The Court has reviewed the Defendant's Renewed Motion to Transfer to Another District for Trial (Document 384), filed on September 24, 2015. The Court has also reviewed Defense Motion No. 3: Motion to Transfer to Another District for Trial (Document 121), the Memorandum in Support of Defense Motion No. 3: Transfer to Another District for Trial (Document 122), the United States' Response to Defendant's Motion for Transfer to Another District for Trial (Document 160), the Reply in Support of Defense Motion No. 3: Transfer to Another District for Trial (Document 166-2), as well as all attached exhibits. Further, the Court has reviewed its June 12, 2015 Order (Document 280).

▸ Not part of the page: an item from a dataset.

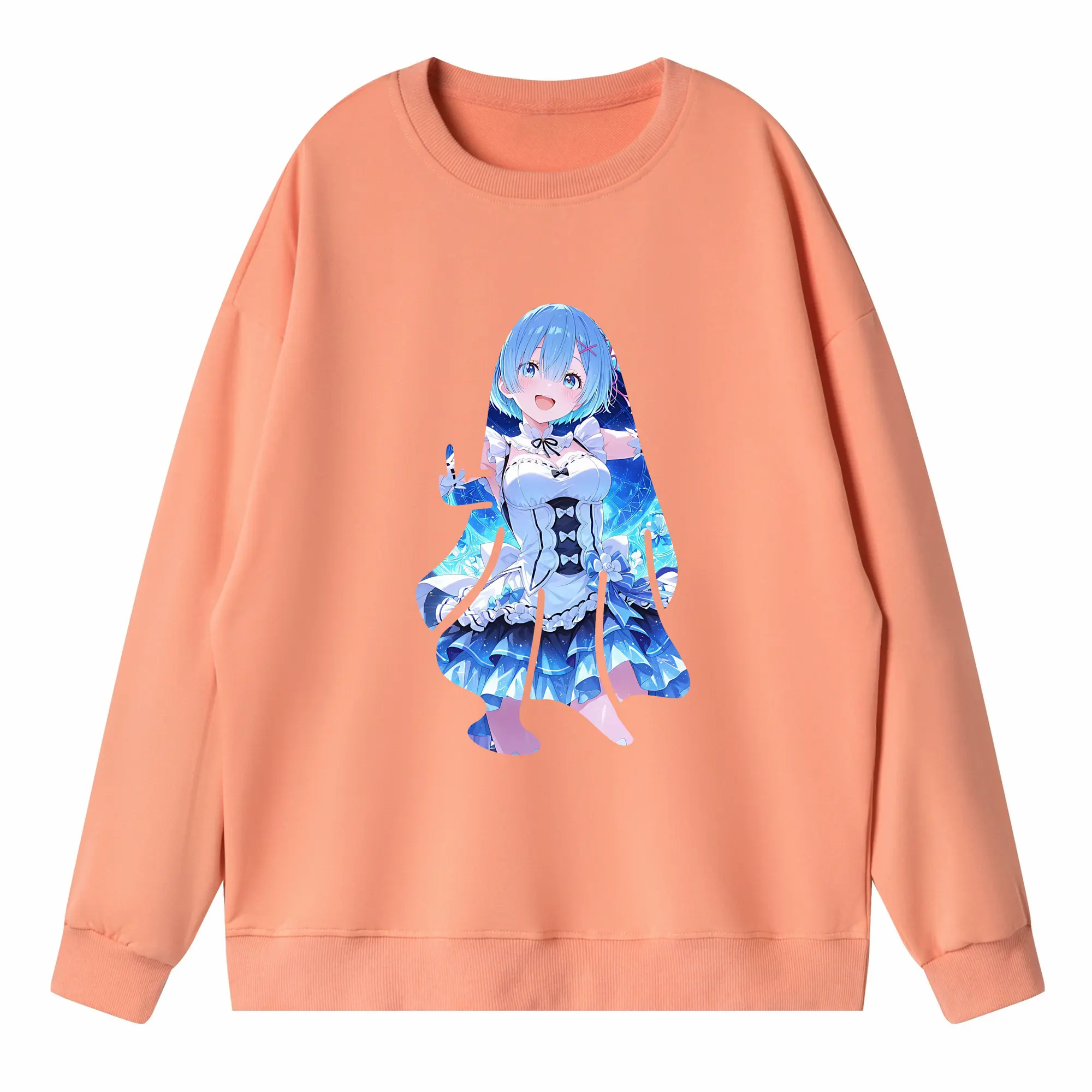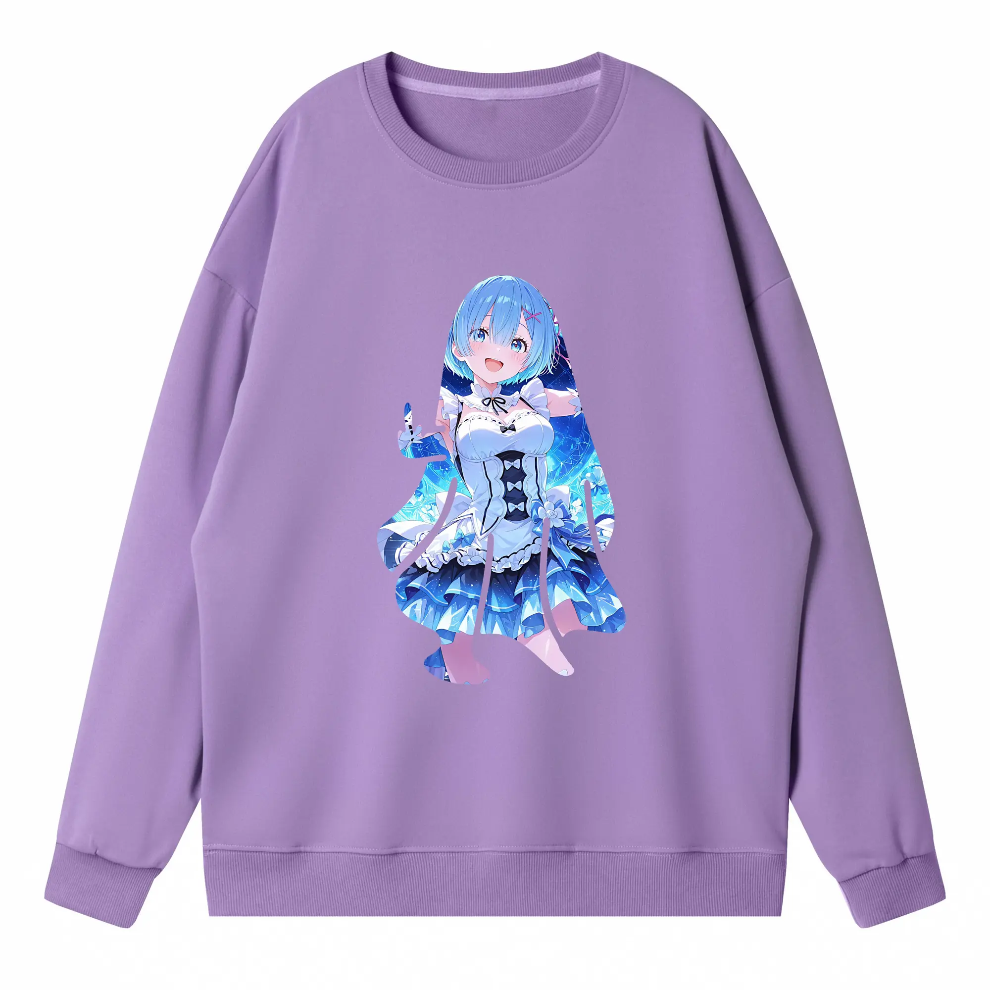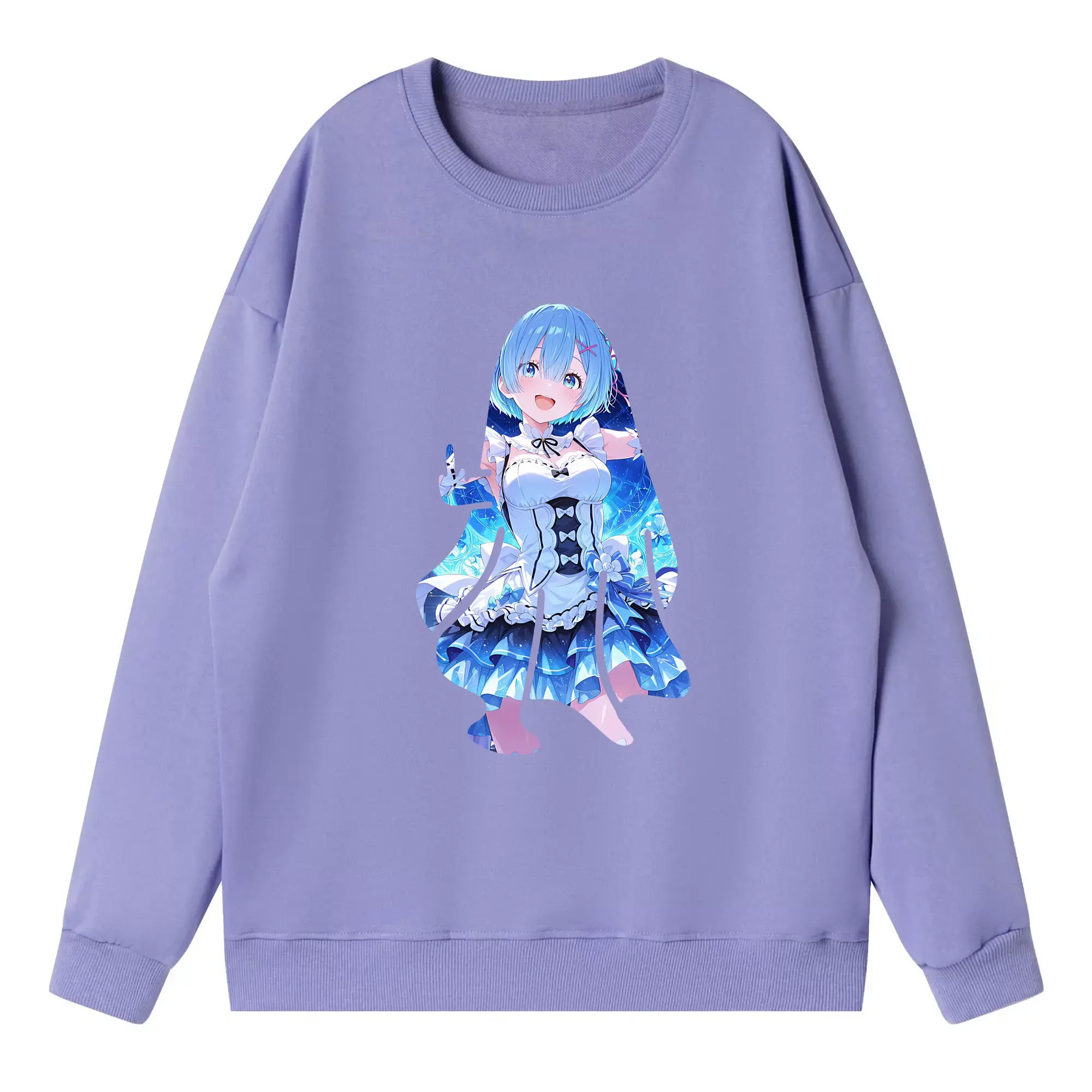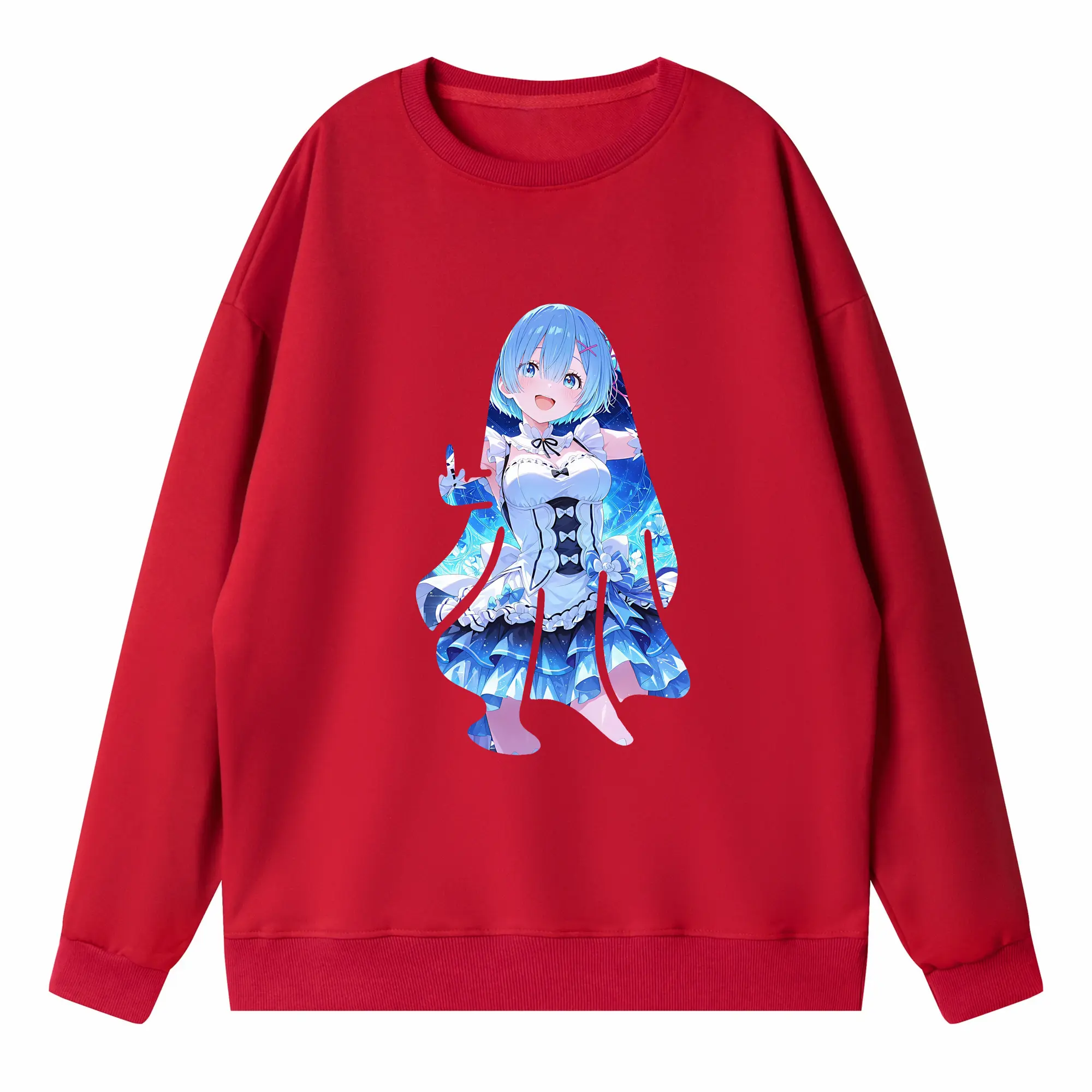 リゼロ グッズ レム - 高品質 クルーネック スウェット ・ コットン59% ポリエステル41% ・ ユニセックス 長袖 トレーナー ・ カジュアル デイリー スポーツ 散歩用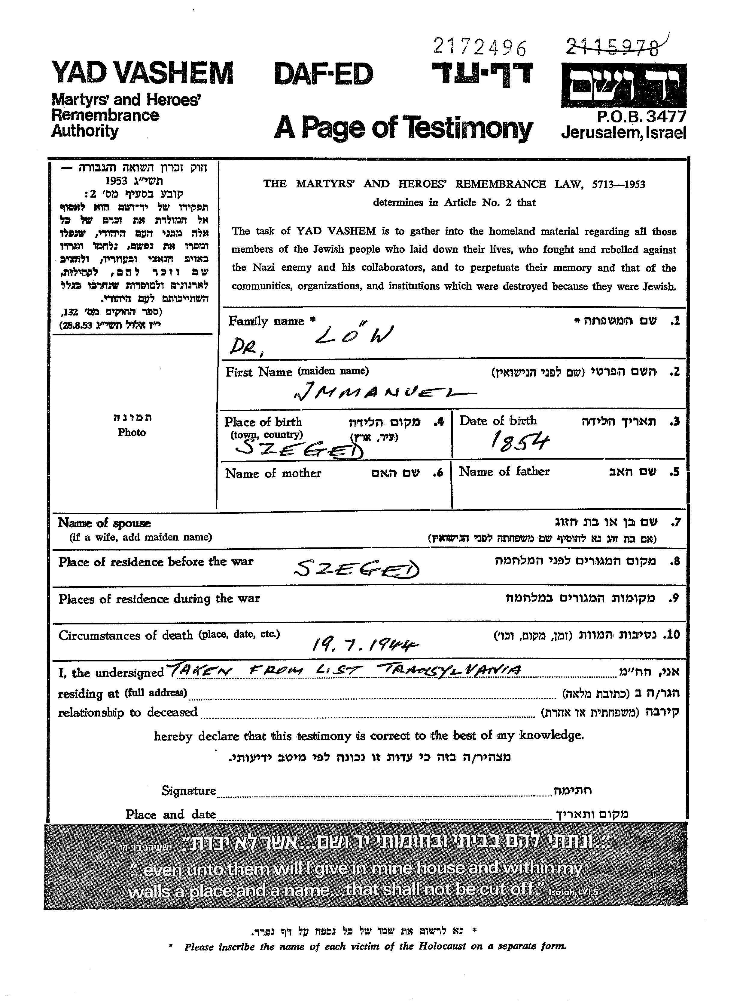 Loew Immanuel 1854 Szeged, Hungary Page of Testimony

For the reasons stated herein, the Court finds that the Defendant's motion should be denied.

In his most recent motion, the Defendant again claims that he cannot receive a fair trial in this district, and urges the Court to transfer this case, before voir dire, to either the District of Maryland, Northern Division, or to the Northern District of West Virginia, Martinsburg Division. (Document 384 at 1-4.) The Defendant rehashes several arguments to support his position that prejudice should be presumed, in particular, that media coverage in this district has been hostile to him, that the unique economic characteristics of this district make seating an impartial jury "especially difficult," and that surveys conducted reveal "high rates of prejudgment and prejudice." (Document 384 at 4-6.) He also argues that since the filing of his earlier venue motion on February 20, 2014, media coverage of this case has been so "relentless, omnipresent and vicious" as to "render voir dire ineffective." (Document 384 at 6-8.) The Defendant claims that media coverage has created the false impression that he is on trial for causing the explosion at UBB; that media accounts from the families of miners who died at Upper Big Branch make it more likely that a jury will convict him; and that social media postings threatening the Defendant with violence show "deep-seated animosity" toward him in this district. (Document 384, at 8-17.)1

While the United States has not yet responded to the Defendant's latest motion, the United States' previous response to the Defendant's venue motion, filed in this Court on February 27, 2015, remains relevant.2 The United States argued that the level of pretrial prejudice to the Defendant in this district was insufficient under Supreme Court precedent to mandate transfer of this case prior to voir dire. (Document 160 at 12-16.) It instead urged the Court to follow the "near-universal" rule that a change of venue is only required if voir dire proves "that an impartial jury cannot be empaneled." (Document 160 at 2) (citing United States v. Bakker, 925 F.2d 728, 732 (4th Cir. 1991)). The Defendant's reply to the first motion to transfer venue, filed on March 6, 2015, argued that the United States had misread Supreme Court precedent, and that the highly prejudicial media coverage of this case and the coal-focused economy of this district required transfer of this case to another district prior to voir dire. (Document 166-2 at 7-14.)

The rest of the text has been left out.